* INPUT RECORDS:

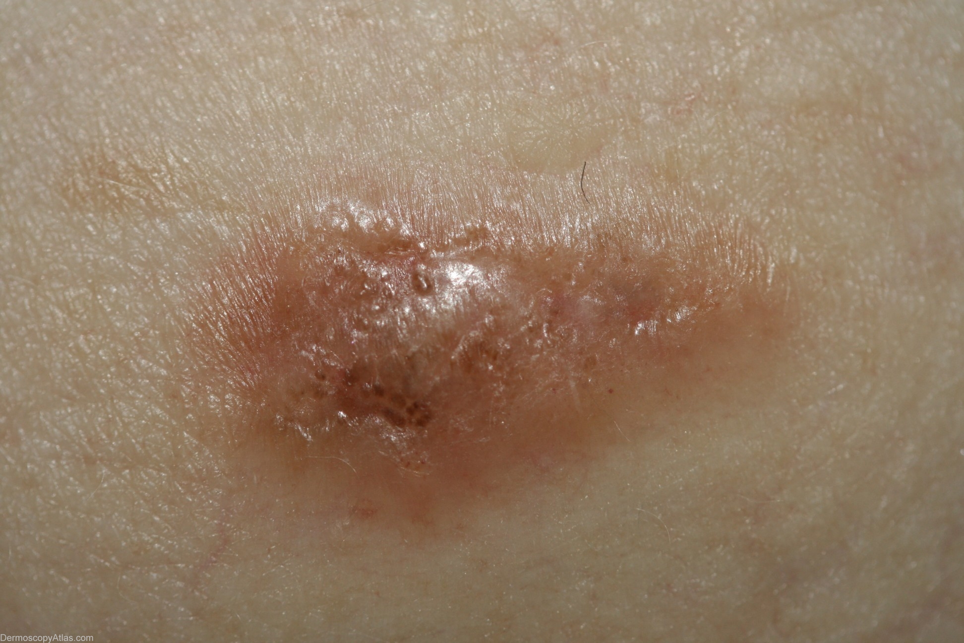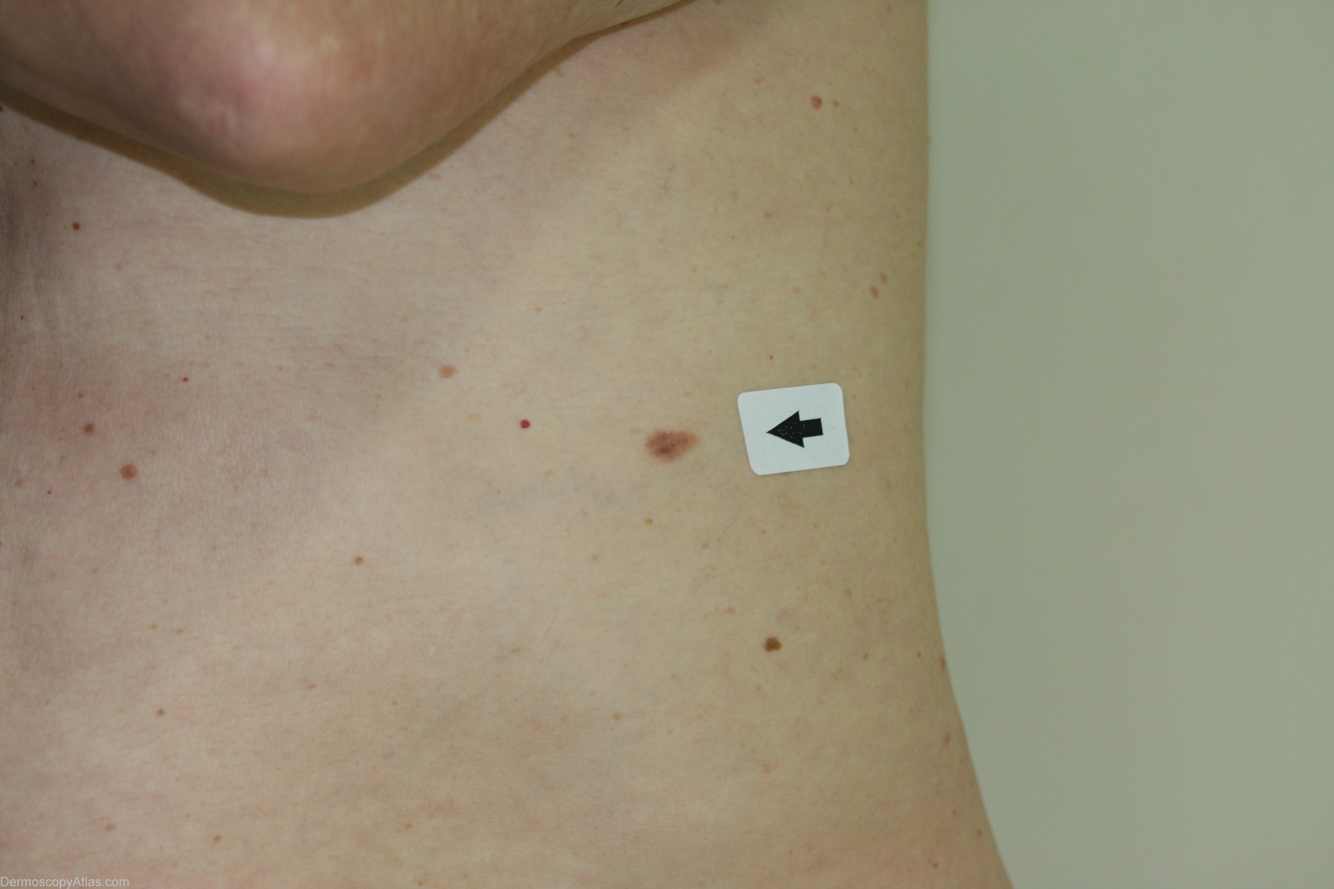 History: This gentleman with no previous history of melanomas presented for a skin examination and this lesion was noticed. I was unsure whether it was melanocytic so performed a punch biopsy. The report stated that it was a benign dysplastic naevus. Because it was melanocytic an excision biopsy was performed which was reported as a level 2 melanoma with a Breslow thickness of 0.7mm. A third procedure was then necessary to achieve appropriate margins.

* * *

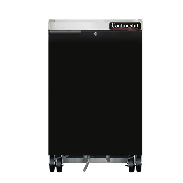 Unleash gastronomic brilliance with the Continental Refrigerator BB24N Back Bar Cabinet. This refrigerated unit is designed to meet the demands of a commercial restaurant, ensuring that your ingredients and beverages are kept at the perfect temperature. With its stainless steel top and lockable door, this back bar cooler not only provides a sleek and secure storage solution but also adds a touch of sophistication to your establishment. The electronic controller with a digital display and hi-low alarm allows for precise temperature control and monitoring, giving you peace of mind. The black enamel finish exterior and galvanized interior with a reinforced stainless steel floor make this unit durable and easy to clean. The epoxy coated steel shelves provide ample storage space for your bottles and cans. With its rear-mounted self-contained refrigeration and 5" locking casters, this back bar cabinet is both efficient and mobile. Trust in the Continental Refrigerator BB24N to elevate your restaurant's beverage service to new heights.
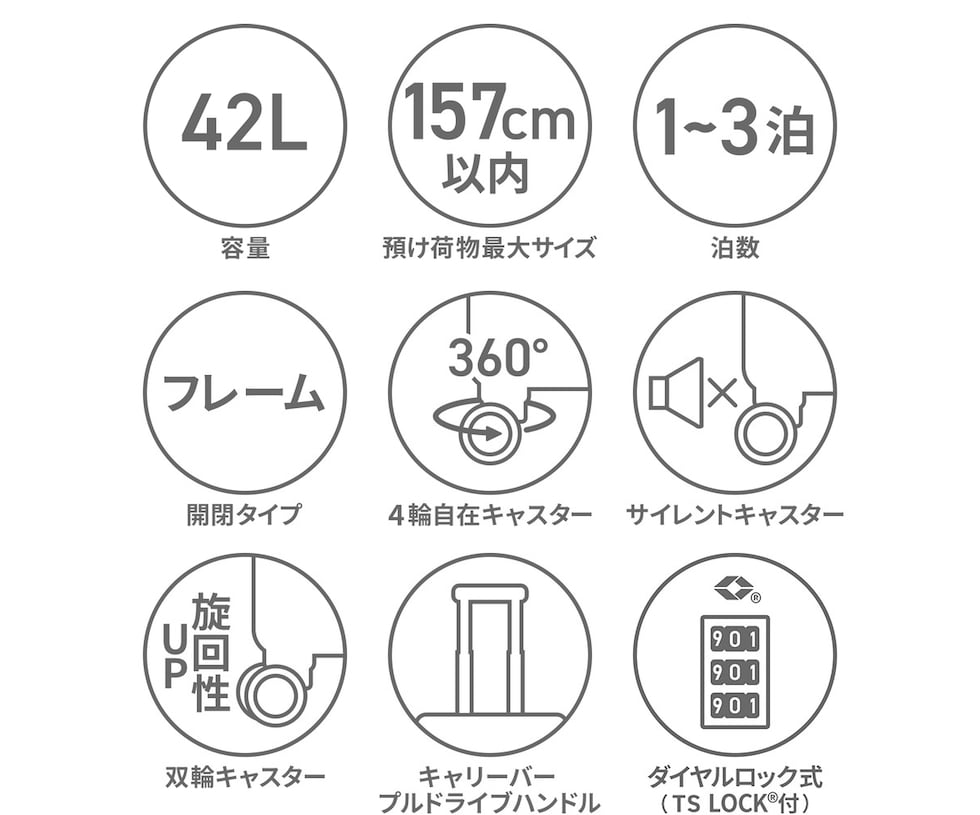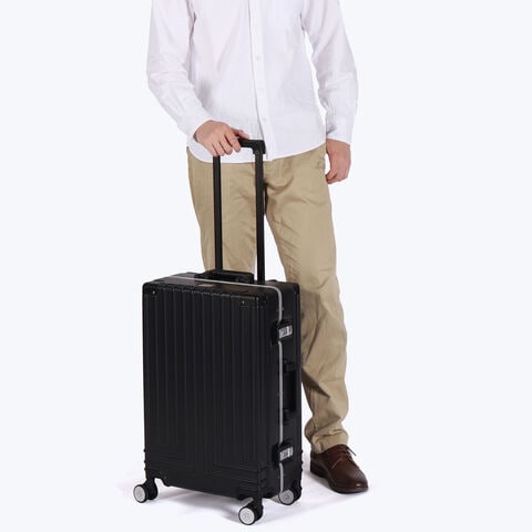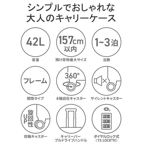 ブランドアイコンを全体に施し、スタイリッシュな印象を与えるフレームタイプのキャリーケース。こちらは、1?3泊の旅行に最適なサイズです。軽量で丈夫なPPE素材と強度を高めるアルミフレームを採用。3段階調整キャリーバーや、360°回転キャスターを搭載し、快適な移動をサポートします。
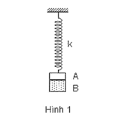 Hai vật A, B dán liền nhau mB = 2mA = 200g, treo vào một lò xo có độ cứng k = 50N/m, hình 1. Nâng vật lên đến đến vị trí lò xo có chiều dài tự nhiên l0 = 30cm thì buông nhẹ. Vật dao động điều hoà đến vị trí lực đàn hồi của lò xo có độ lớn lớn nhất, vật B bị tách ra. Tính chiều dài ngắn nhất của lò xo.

* WORK REQUEST: Reproduce the data above exactly, but only from the line containing "Unleash gastronomic brilliance" through the line containing "Hai vật A, B". Omit all pictures.

* EXERCISE RESPONSE:
 Unleash gastronomic brilliance with the Continental Refrigerator BB24N Back Bar Cabinet. This refrigerated unit is designed to meet the demands of a commercial restaurant, ensuring that your ingredients and beverages are kept at the perfect temperature. With its stainless steel top and lockable door, this back bar cooler not only provides a sleek and secure storage solution but also adds a touch of sophistication to your establishment. The electronic controller with a digital display and hi-low alarm allows for precise temperature control and monitoring, giving you peace of mind. The black enamel finish exterior and galvanized interior with a reinforced stainless steel floor make this unit durable and easy to clean. The epoxy coated steel shelves provide ample storage space for your bottles and cans. With its rear-mounted self-contained refrigeration and 5" locking casters, this back bar cabinet is both efficient and mobile. Trust in the Continental Refrigerator BB24N to elevate your restaurant's beverage service to new heights.
 ブランドアイコンを全体に施し、スタイリッシュな印象を与えるフレームタイプのキャリーケース。こちらは、1?3泊の旅行に最適なサイズです。軽量で丈夫なPPE素材と強度を高めるアルミフレームを採用。3段階調整キャリーバーや、360°回転キャスターを搭載し、快適な移動をサポートします。
 Hai vật A, B dán liền nhau mB = 2mA = 200g, treo vào một lò xo có độ cứng k = 50N/m, hình 1. Nâng vật lên đến đến vị trí lò xo có chiều dài tự nhiên l0 = 30cm thì buông nhẹ. Vật dao động điều hoà đến vị trí lực đàn hồi của lò xo có độ lớn lớn nhất, vật B bị tách ra. Tính chiều dài ngắn nhất của lò xo.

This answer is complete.